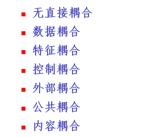耦合是对一个软件结构内不同模块之间互连程度的度量。在软件设计中应该追求尽可能松散耦合的系统(由于模块间联系简单,发生在一处的错误传播到整个系统的可能性就很小)。
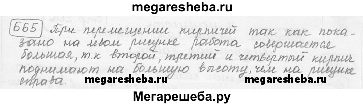 665. Одинаковые кирпичи лежат на одном горизонтальном уровне (рис. 198, внизу). Кирпичи равномерно поднимают и кладут так, как показано на рисунке 198 (вверху). Одинаковую ли работу при этом совершают?
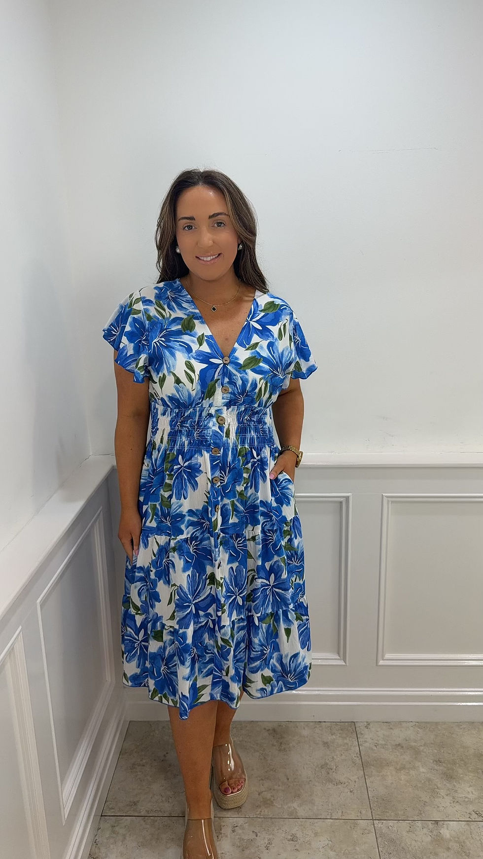 Shelby V Neck Button Floral Magic Midi Dress Blue
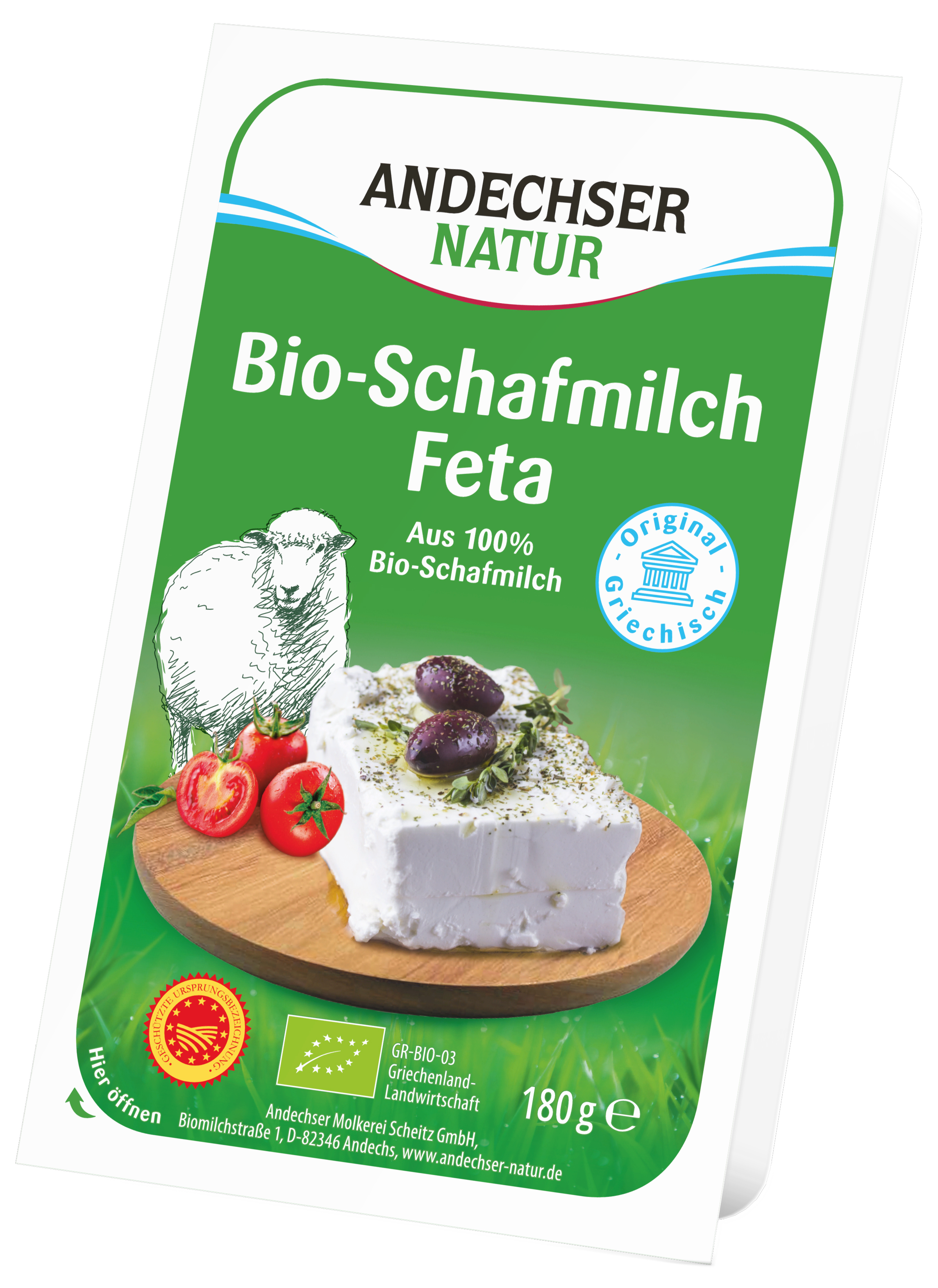 The ANDECHSER NATUR organic feta cheese, 180g with 45% fat is the Greek specialty made with protected designation, of 100% organic sheep milk. With its balanced, savory flavor it is the perfect companion for Mediterranean barbecue dishes.
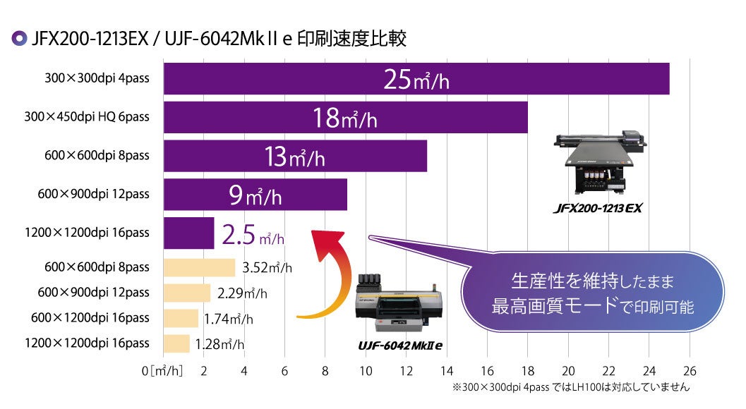 当社のJFX200-2513 EXはエントリーレベルの大型フラットベッドプリンタ市場ではトップクラスの生産性を誇ります。コンパクトサイズにしたJFX200-1213 EXは最大プリント速度25㎡/hを実現。最高画質モードでも2.5㎡/hと当社のデスクトップUVプリンタUJFシリーズの標準モードと同等のため(図2)、その生産性を維持したまま最高画質モードで使用可能、また、同等の画質モード比では生産性が最大約4倍向上します。プリンタの増設とオペレーターの増員をせずに生産ボリュームを増やせる、デスクトップUVプリンタのアップグレードに最適な1台です。
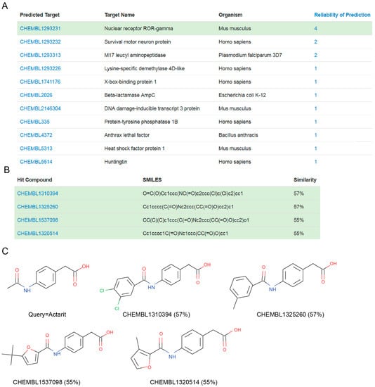 Figure 5. (A) MolTarPred v2′s predicted targets for actarit. There are 11 predicted targets, one per row, sorted by decreasing reliability score. ROR-γ, highlighted in green, appears as a target of actarit with a reliability score of 4. (B) SMILES and similarity scores of the four top hits annotated with the inspected predicted target (ROR-γ). (C) Chemical structures of the query molecule (actarit; top left) and its top four ROR-γ-annotated hits listed in (B) to its right and bottom row.
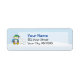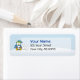 Ein kleiner Pinguin-Cartoon sitzt und hält einen Schneeball.
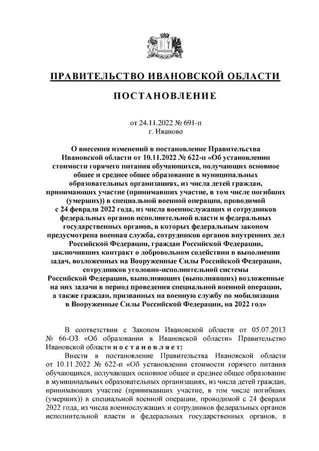 Постановление Правительства Ивановской области от 24.11.2022 N 691-п "О внесении изменений в постановление Правительства Ивановской области от 10.11.2022 N 622-п "Об установлении стоимости горячего питания обучающихся, получающих основное общее и среднее общее образование в муниципальных образовательных организациях, из числа детей граждан, принимающих участие (принимавших участие, в том числе погибших (умерших)) в специальной военной операции, проводимой с 24 февраля 2022 года, из числа военнослужащих и сотрудников федеральных органов исполнительной власти и федеральных государственных органов, в которых федеральным законом предусмотрена военная служба, сотрудников органов внутренних дел Российской Федерации, граждан Российской Федерации, заключивших контракт о добровольном содействии в выполнении задач, возложенных на Вооруженные Силы Российской Федерации, сотрудников уголовно-исполнительной системы Российской Федерации, выполняющих (выполнявших) возложенные на них задачи в период проведения специальной военной операции, а также граждан, призванных на военную службу по мобилизации в Вооруженные Силы Российской Федерации, на 2022 год"
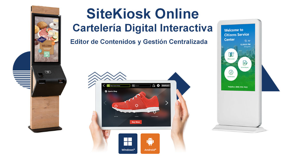 SiteKiosk Online ofrece un sistema de gestión de contenidos fácil de usar para crear pantallas interactivas tanto en dispositivos Windows y Android, incluyendo tabletas, kioscos y PCs. Ideal para señalización digital, sistemas POS, terminales de autoservicio, pantallas publicitarias, terminales de RRHH para empleados y pantallas informativas.

Problem details: Keep the pictures out of the copy and return the rest of the data above exactly.

The completed task:
耦合是对一个软件结构内不同模块之间互连程度的度量。在软件设计中应该追求尽可能松散耦合的系统(由于模块间联系简单,发生在一处的错误传播到整个系统的可能性就很小)。
 665. Одинаковые кирпичи лежат на одном горизонтальном уровне (рис. 198, внизу). Кирпичи равномерно поднимают и кладут так, как показано на рисунке 198 (вверху). Одинаковую ли работу при этом совершают?
 Shelby V Neck Button Floral Magic Midi Dress Blue
 The ANDECHSER NATUR organic feta cheese, 180g with 45% fat is the Greek specialty made with protected designation, of 100% organic sheep milk. With its balanced, savory flavor it is the perfect companion for Mediterranean barbecue dishes.
 当社のJFX200-2513 EXはエントリーレベルの大型フラットベッドプリンタ市場ではトップクラスの生産性を誇ります。コンパクトサイズにしたJFX200-1213 EXは最大プリント速度25㎡/hを実現。最高画質モードでも2.5㎡/hと当社のデスクトップUVプリンタUJFシリーズの標準モードと同等のため(図2)、その生産性を維持したまま最高画質モードで使用可能、また、同等の画質モード比では生産性が最大約4倍向上します。プリンタの増設とオペレーターの増員をせずに生産ボリュームを増やせる、デスクトップUVプリンタのアップグレードに最適な1台です。
 Figure 5. (A) MolTarPred v2′s predicted targets for actarit. There are 11 predicted targets, one per row, sorted by decreasing reliability score. ROR-γ, highlighted in green, appears as a target of actarit with a reliability score of 4. (B) SMILES and similarity scores of the four top hits annotated with the inspected predicted target (ROR-γ). (C) Chemical structures of the query molecule (actarit; top left) and its top four ROR-γ-annotated hits listed in (B) to its right and bottom row.
 Ein kleiner Pinguin-Cartoon sitzt und hält einen Schneeball.
 Постановление Правительства Ивановской области от 24.11.2022 N 691-п "О внесении изменений в постановление Правительства Ивановской области от 10.11.2022 N 622-п "Об установлении стоимости горячего питания обучающихся, получающих основное общее и среднее общее образование в муниципальных образовательных организациях, из числа детей граждан, принимающих участие (принимавших участие, в том числе погибших (умерших)) в специальной военной операции, проводимой с 24 февраля 2022 года, из числа военнослужащих и сотрудников федеральных органов исполнительной власти и федеральных государственных органов, в которых федеральным законом предусмотрена военная служба, сотрудников органов внутренних дел Российской Федерации, граждан Российской Федерации, заключивших контракт о добровольном содействии в выполнении задач, возложенных на Вооруженные Силы Российской Федерации, сотрудников уголовно-исполнительной системы Российской Федерации, выполняющих (выполнявших) возложенные на них задачи в период проведения специальной военной операции, а также граждан, призванных на военную службу по мобилизации в Вооруженные Силы Российской Федерации, на 2022 год"
 SiteKiosk Online ofrece un sistema de gestión de contenidos fácil de usar para crear pantallas interactivas tanto en dispositivos Windows y Android, incluyendo tabletas, kioscos y PCs. Ideal para señalización digital, sistemas POS, terminales de autoservicio, pantallas publicitarias, terminales de RRHH para empleados y pantallas informativas.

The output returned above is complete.